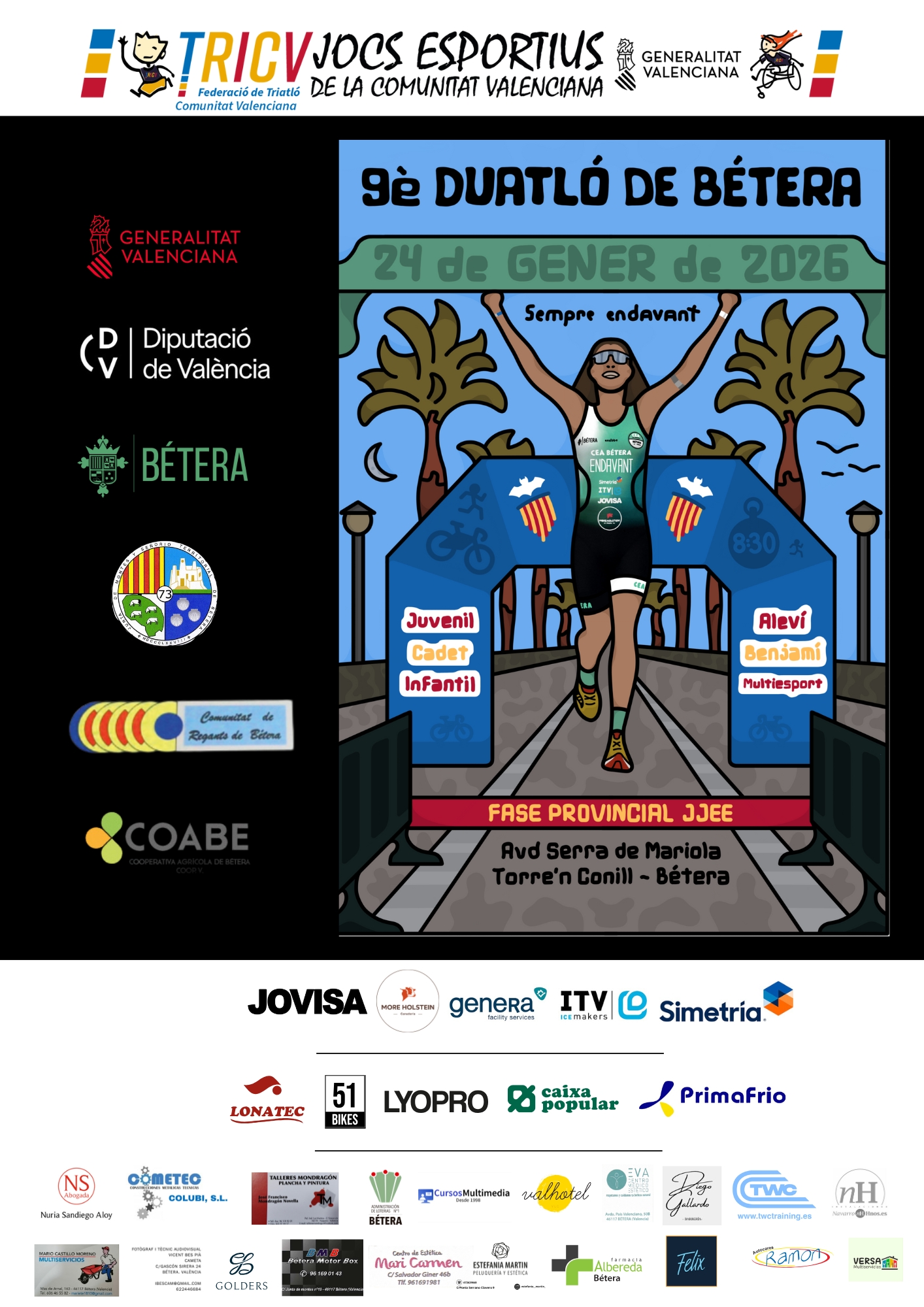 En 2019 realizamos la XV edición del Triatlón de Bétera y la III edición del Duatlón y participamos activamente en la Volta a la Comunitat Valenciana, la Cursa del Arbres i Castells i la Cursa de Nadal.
==
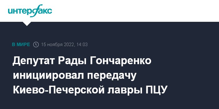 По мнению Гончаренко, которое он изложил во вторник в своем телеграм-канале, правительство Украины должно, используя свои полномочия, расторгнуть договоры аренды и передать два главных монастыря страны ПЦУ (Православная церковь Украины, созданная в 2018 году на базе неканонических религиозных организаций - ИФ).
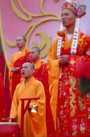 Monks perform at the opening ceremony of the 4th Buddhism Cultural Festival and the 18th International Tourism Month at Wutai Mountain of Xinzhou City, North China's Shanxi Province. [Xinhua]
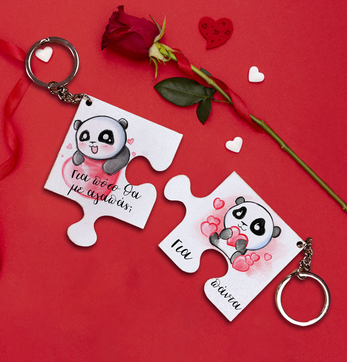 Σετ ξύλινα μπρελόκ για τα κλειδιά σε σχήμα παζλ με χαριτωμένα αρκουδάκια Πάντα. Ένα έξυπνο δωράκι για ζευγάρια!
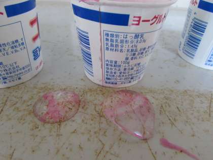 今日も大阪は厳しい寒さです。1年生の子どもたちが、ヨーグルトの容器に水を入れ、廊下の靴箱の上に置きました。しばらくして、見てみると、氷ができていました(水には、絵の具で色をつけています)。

◆ WORK INSTRUCTIONS ◆
Please set down, exactly and with no pictures, the lines in the entries above starting at the one holding "Monks perform at" and ending at the one holding "今日も大阪は厳しい寒さです。", ends included.

◆ RESULT FOR THIS EXERCISE ◆
 Monks perform at the opening ceremony of the 4th Buddhism Cultural Festival and the 18th International Tourism Month at Wutai Mountain of Xinzhou City, North China's Shanxi Province. [Xinhua]
 Σετ ξύλινα μπρελόκ για τα κλειδιά σε σχήμα παζλ με χαριτωμένα αρκουδάκια Πάντα. Ένα έξυπνο δωράκι για ζευγάρια!
 今日も大阪は厳しい寒さです。1年生の子どもたちが、ヨーグルトの容器に水を入れ、廊下の靴箱の上に置きました。しばらくして、見てみると、氷ができていました(水には、絵の具で色をつけています)。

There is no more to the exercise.